Mark Maydon is the Group Commercial Director at Sporting Index, the world’s leading sports spread betting company. Having seen the Paul Kelso article that I posted about the other day, he sent me a note in response to my blog and asked if I wouldn’t mind putting it up. I publish what he sent me in full below.


If I may be so bold, perhaps I can put a few things straight by way of response.

Let’s start with the facts.

Leading sports spread betting companies such as Sporting Index are regulated by the FSA (in respect of spread bets) but also by the Gambling Commission (in respect of binary bets and other fixed-odds bets). A check of the Gambling Commission website, which lists all companies that are GC regulated, would quickly confirm this.

Spread betting is betting under law – as illustrated by the fact that UK spread betting firms pay betting duty to HMRC. But because spread bets (aka ‘contracts for difference’) are leveraged investment products (in that you can lose more than your initial deposit, as it says in the familiar risk warnings that accompany all promotion of the product), spread betting is therefore regulated by the FSA (under the Financial Services and Markets Act 2000, as the legal eagles will tell you).

Under FSA regulations, a spread betting firm is obliged to report any suspicions of “market abuse”. This extends to sports markets where, for example, the firm believes betting patterns give it reasonable grounds for suspicion.

I am told there is close co-operation between the FSA and Gambling Commission. In any event, where Sporting Index has suspicions, we also report them to the Gambling Commission, a stance which has the FSA’s full approval.

Moreover, Sporting Index always co-operates fully with the Gambling Commission in any request for information they might legitimately make of us, in line with their investigative powers, the data protection rules and crime prevention. Our privacy policy, which forms part of our account operating rules, spells this out to our customers.

So I fail to understand why this non-existent loophole that allegedly might allow “cheats to prosper” needs either bringing to the attention of the Treasury Minister, or, by definition, requires closing. In any event, if there are dodgy practices afoot (i.e. fixing a result and profiting via betting), a fraud is perpetrated. In such circumstances the victims of the crime, the losers, include any betting business which accepted the bets in the first place.

Sometimes it appears from the public statements from outfits such as the Sports Betting Group and their European equivalents (for example, the Sports Rights Owners Coalition) that it is regulated bookmakers (of whatever variety, fixed-odds, spreads, exchanges, etc) that are the villains. Note the emphasis on regulated. I think we can all agree, whatever side of this fence we sit on, that illegal bookmakers are a genuine scourge.

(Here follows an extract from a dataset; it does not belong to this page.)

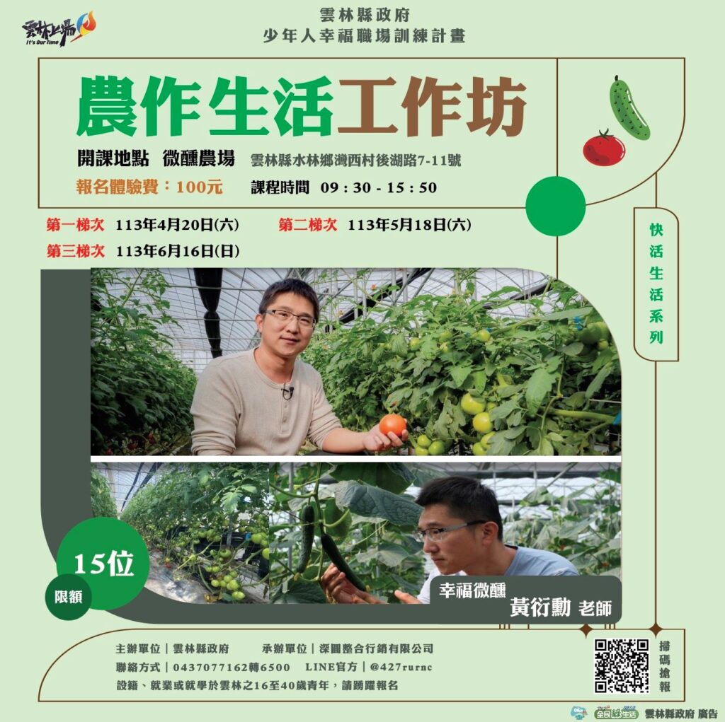 (四)參訓對象:設籍、就讀或就業於雲林縣之16至40歲青年,每一梯次以15人為限。

The Sports Betting Group’s purported letter to the Treasury, it seems to me, illustrates once again the unnecessarily adversarial approach that sport (by which I mean a number of governing bodies) have generally taken to the betting industry, when a more conciliatory stance might well have paid dividends. Indeed, in respect of the matter that triggered this particular exchange of views, I am not aware that the Sports Betting Group has even sought to engage with any spread betting companies.

That the underlying desire of sport is to extract a legally-enshrined betting right (or equivalent) is further illustrated by the long-running legal battle of whether UK football fixtures are protected by copyright. This claim (now-challenged) has formed the basis on which Football Dataco, UK football’s well funded, litigious Rottweiler, has pressed all and sundry – from bookmakers to media companies to the bloke who runs his fan blog from his bedroom – into paying fees for merely stating that Arsenal are playing Manchester Utd on whatever date/time.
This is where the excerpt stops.